There are many pilot studies conducted with MSC transplantation to explore their therapeutic
potential for HCoV-19 infected patients, in many of them the pulmonary function and symptoms
of patients were significantly improved days after MSC transplantation. Thus, in this study
we intend to prove the intravenous transplantation of MSCs as safe and effective for
treatment in patients with COVID-19 pneumonia, especially for patients in severe condition.
Primary Objective: To determine the feasibility and safety of intravenously administered MSCs
in patients with Acute Respiratory Distress Syndrome.
Secondary Objectives:
To assess preliminary response in respiratory performance in patients with ARDS.
To assess overall survival of patients. To determine mortality rate at 14 days post
treatment. To assess clinical and radiological improvements in patients.
Number of Subjects to be studied: 10
Endpoints
Primary Endpoint:
Evaluate Respiratory distress symptoms based on Berlin definition (RR; Oxygen saturation at
rest; Arterial partial pressure of oxygen (PaO2) / Fraction of inspiration O2 (FiO2)).

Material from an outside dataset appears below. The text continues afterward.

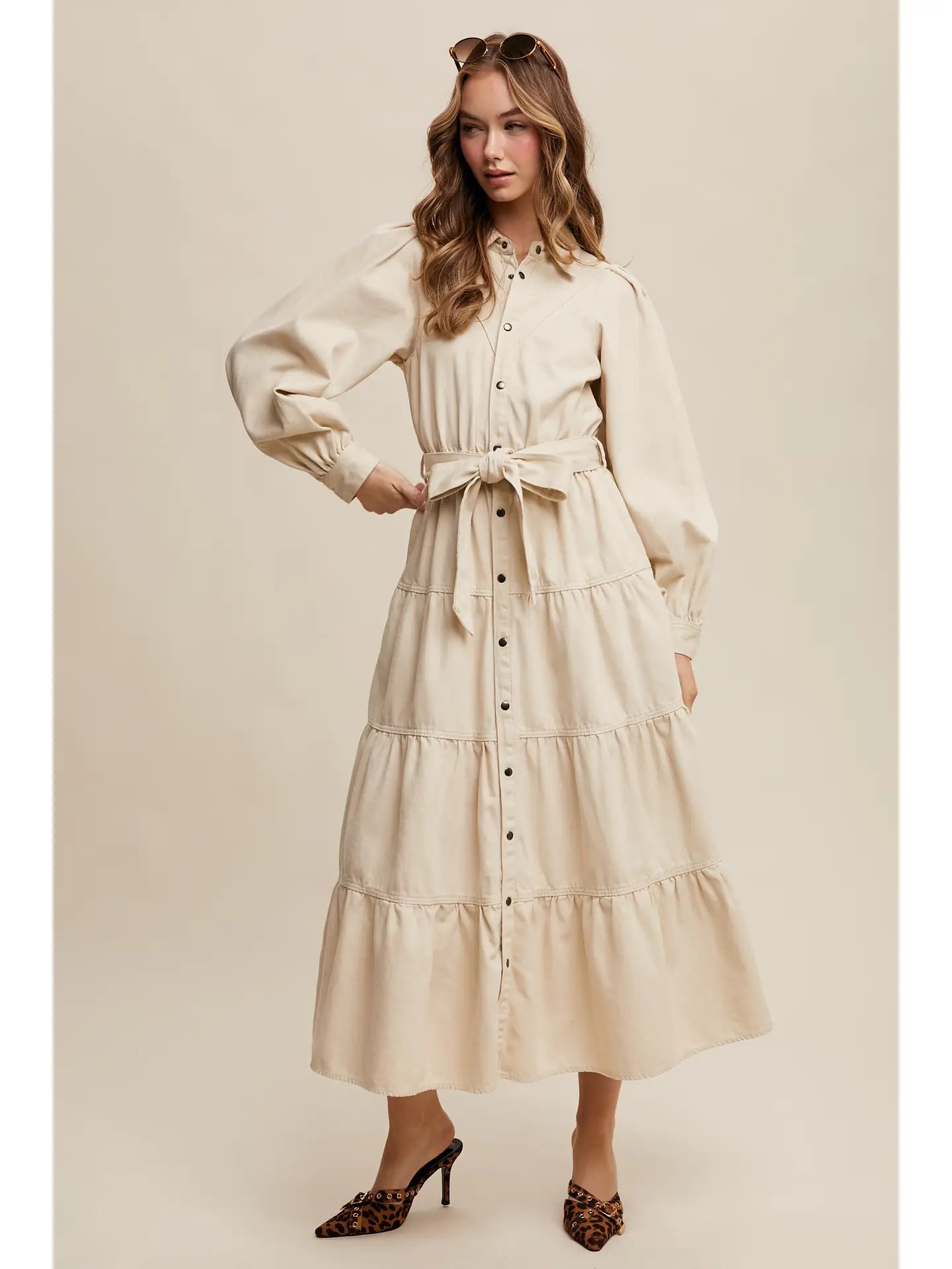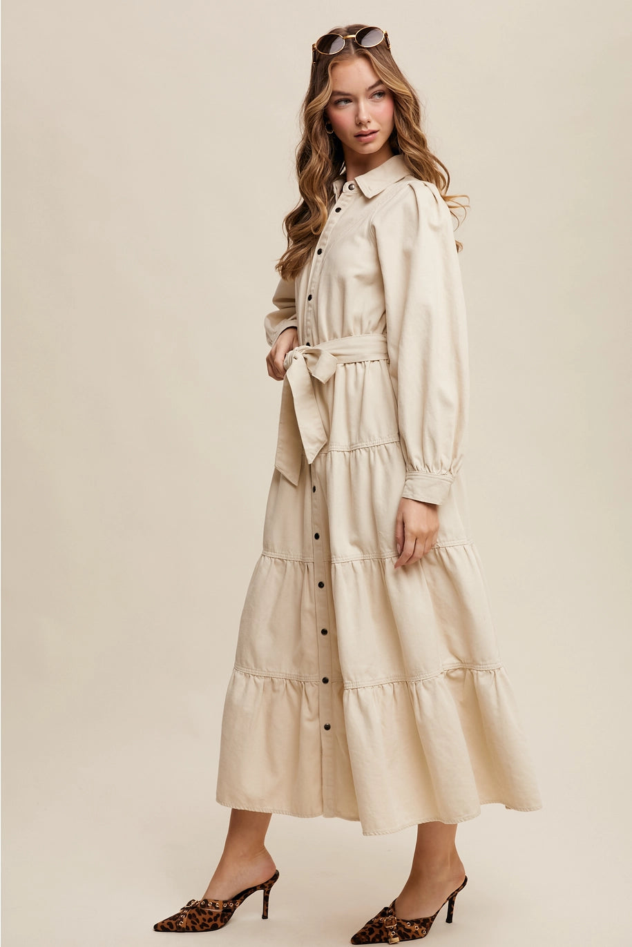 Meet your new go-to: the Bone Tiered Maxi Dress—easy, timeless, and made for everyday wear with a western twist. Designed with long balloon sleeves, a full button front, and a flowy tiered skirt that moves with you, it’s finished with a soft bow detail at the waist for a flattering touch. Style it with booties for a classic western look or throw on sneakers for a casual, effortless day out.

Determine the degree of ground-glass opacity and pneumonia infiltration in imaging studies
(X-ray or CT).
Evaluate clinical improvement based on APACHE II Score. Determine mortality rate at 2 weeks
post treatment.
Secondary Endpoints:
Adverse events related to MSC infusion (description, timing, grade, seriousness, and
relatedness) Hematological decompensation (based on CBC, SQ and metabolic panels) Objective
response rate Progression free survival, overall survival, and best overall response rate
Determine if any infusion reactions/toxicity occurs
Clinical and radiological parameters will be assessed at Baseline, 2, 4 and 14 day
post-treatment, and there will be a 3 month follow-up by telephone contact.